The flow of the argument — adversarial, but often bordering on the arcane, at least for this idiot — also showed that some of the arguments in favor of broadcasting the court's sessions are probably exaggerated. In particular, the idea that the raw video would truly educate the viewing public more than legal analysts do seems a bit bogus, what with all this abstruse section 2 and section 5 and section 15 business. More likely, we laymen will focus on who gets off the best zingers — our armchair analysis determined by our pre-existing beliefs — then let Rush or Chris Matthews spin it for us as usual. On the other hand, if anyone was grandstanding for the benefit of the Nielsen families here, as courtroom-camera critics maintain, they were doing a lousy job of it. (With the possible exception of Laurence Tribe, who sounded well-stocked with Gore camp sports metaphors, likening the deadline extension to checking a "photo-finish" rather than "changing the rules after the game.") No one rhymed, blustered or whipped out gloves. Perhaps because the "jury" the lawyers were addressing here would be likely to tear them a few new orifices if they went all Dylan McDermott in this courtroom. (And note that the unprecedented SCOTUS tapes turned out to be so titillating, so entertaining, that the major networks didn't bother bumping their soap operas for them. Court TV stuck with the Rae Carruth murder trial.)

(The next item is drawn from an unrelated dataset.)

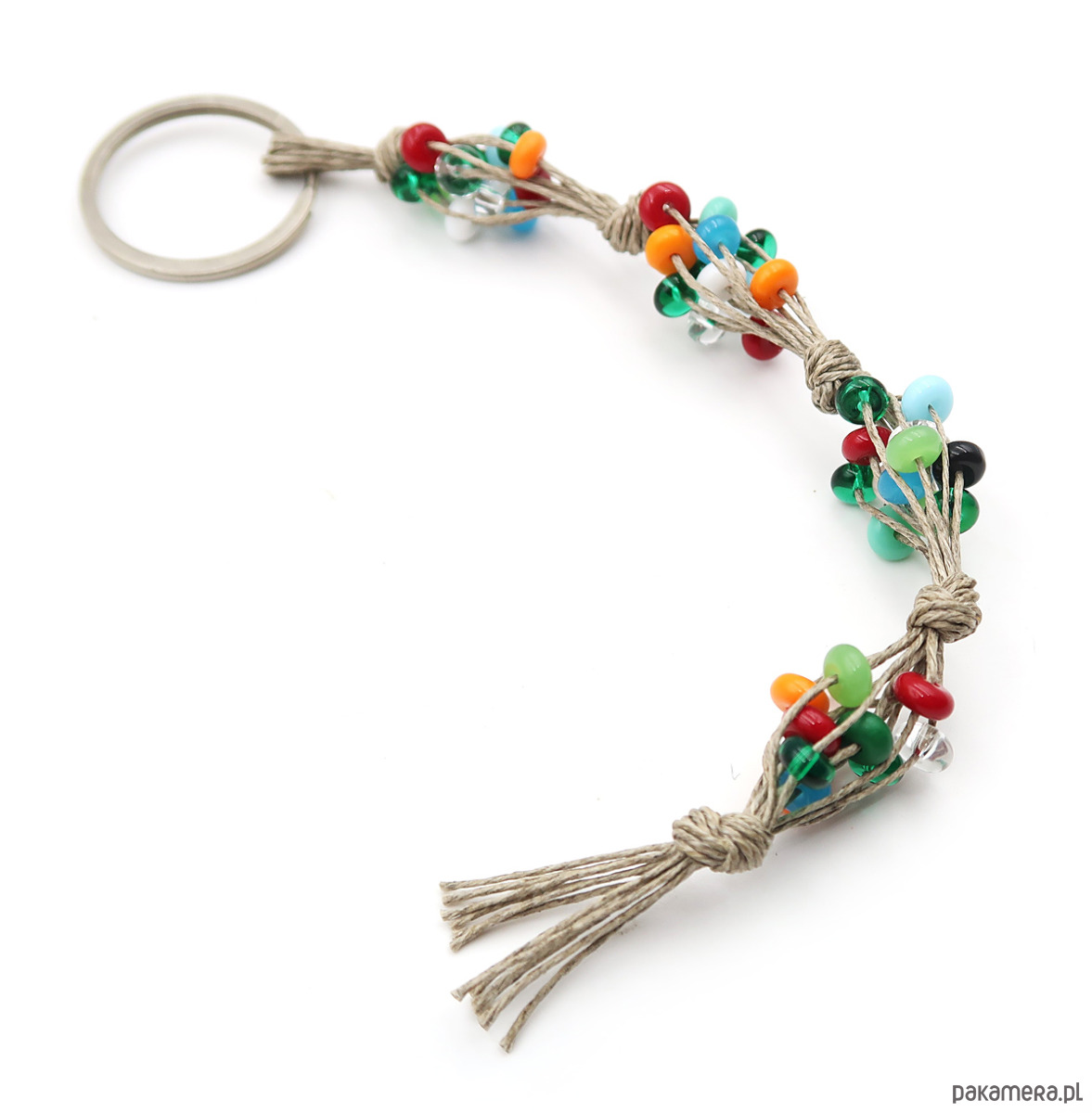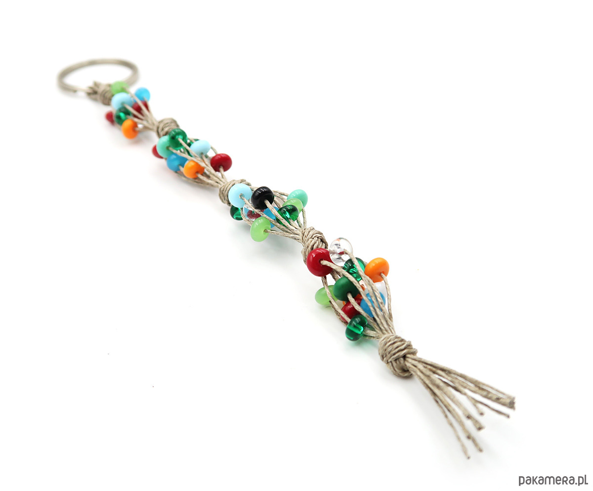 Optymistyczny brelok wykonany na bazie polskiej przędzy lnianej z wplecionymi szklanymi koralami czeskiej firmy Jablonex.

Would letting cameras in have ill effects sometimes? Maybe. OK, probably. But this is a country where we don't submit to such considerations. Democracy itself has ill effects sometimes. Voters make bad choices; look at any list of California ballot propositions. We stick with democracy, not because it's always the best system, but simply because it's the right one.

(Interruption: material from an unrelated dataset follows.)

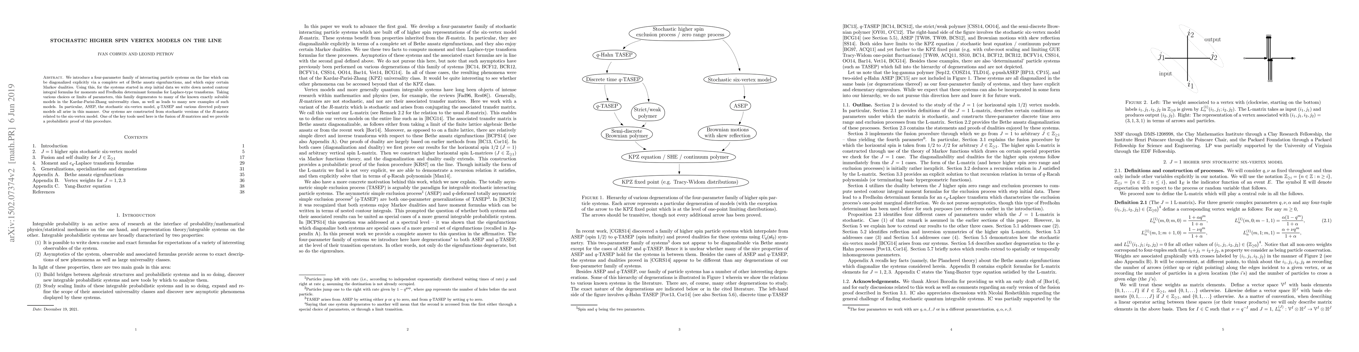 We introduce a four-parameter family of interacting particle systems on the line which can be diagonalized explicitly via a complete set of Bethe ansatz eigenfunctions, and which enjoy certain Markov dualities. Using this, for the systems started in step initial data we write down nested contour integral formulas for moments and Fredholm determinant formulas for Laplace-type transforms. Taking various choices or limits of parameters, this family degenerates to many of the known exactly solvable models in the Kardar-Parisi-Zhang universality class, as well as leads to many new examples of such models. In particular, ASEP, the stochastic six-vertex model, q-TASEP and various directed polymer models all arise in this manner. Our systems are constructed from stochastic versions of the R-matrix related to the six-vertex model. One of the key tools used here is the fusion of R-matrices and we provide a probabilistic proof of this procedure.

America is what it is because it is absolutist — impractically, incorrigibly so — about democracy, access and freedom. We support openness and participation even when it's impractical, even when it's counterproductive. This is the difference between a society based on principle and one based on utility. Not to mention the difference between us and the French.

Maybe the greatest benefit of airing the SCOTUS show is an illusory one: It'll simply make us feel more enfranchised, informed and empowered than we are. But that doesn't mean it's not important, above all at a time when half the country is on the verge of feeling electorally swindled. There's a strong argument for broadcasting Supreme Court proceedings because we can, as an unambiguous, if symbolic, statement of who works for whom here. To paraphrase Ronald Reagan, we paid for those robes.

If not, at least Mr. Sorkin should keep them in mind when he starts thinking spin-off. Chances are, a couple potential consulting producers will be retiring as soon as we sort out the next president. And I'll bet NBC pays a good bit better than the federal government.